Effect of Magnetic Field on the Developing Thermal Field in a Duct Filled with Porous Media under Local Thermal Non-Equilibrium with a Nonlinear Flow Model

Abstract

In this article, the numerical study of the influence of a magnetic field at the laminar forced convection in a thermally developing region coming under the influence of local thermal non-equilibrium (LTNE) of parallel plate channels completely immersed in the porous material is investigated. Constant wall heat flux boundary conditions are applied to the walls of the channel. In the nonlinear flow model, the Darcy-Brinkman-Forchheimer equation governs the flow field in the porous region, which is assumed to be unidirectional. The system is defined by certain well-known parameters, these being Darcy number (Da), thermal conductivity ratio (κ), Forchheimer number (F), Hartmann number (M), and Biot number (Bi).

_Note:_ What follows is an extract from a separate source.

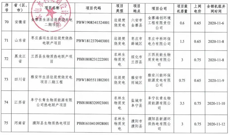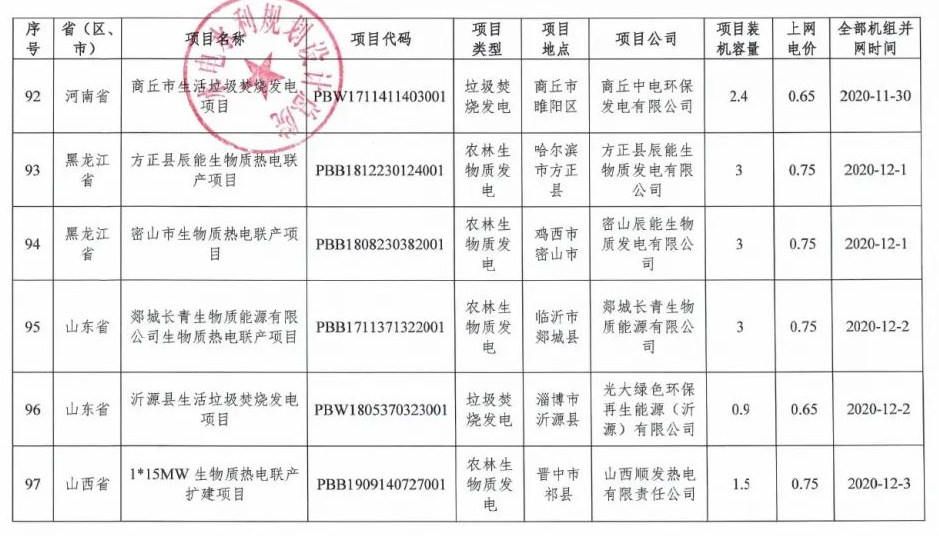根據(jù)《國家發(fā)展改革委 財政部 國家能源局關于印發(fā)〈2021年生物質發(fā)電項目建設工作方案〉的通知》(發(fā)改能源〔2021〕1190號)、《國家可再生能源信息管理中心關于反饋納入2021年生物質發(fā)電中央補貼非競爭配置項目名單的函》(再生能信息函〔2022〕4號)、《國家可再生能源信息管理中心關于明確擬納入2021年生物質發(fā)電中央補貼項目信息的復函》(再生能信息函〔2022〕8號)等文件要求,現(xiàn)將國家電網(wǎng)有限公司經(jīng)營區(qū)擬納入2021年生物質發(fā)電中央補貼非競爭配置項目名單予以公示(詳見附件)。

Numerical solutions have been obtained by applying a successive accelerated replacement (SAR) scheme. Exact solutions for the dimensionless temperature and the fully developed Nusselt number in the absence of the Forchheimer number (F = 0), for the fully developed thermal field, are obtained for the linear flow model, the Darcy-Brinkman model. Plots are given for the dimensionless temperature profiles in the fluid and solid phases, wall temperature, as well as the local Nusselt number at the parallel plate channel, which has been displayed. The effect of the magnetic field and the thermal conductivity ratio has a significant effect on the local Nusselt number.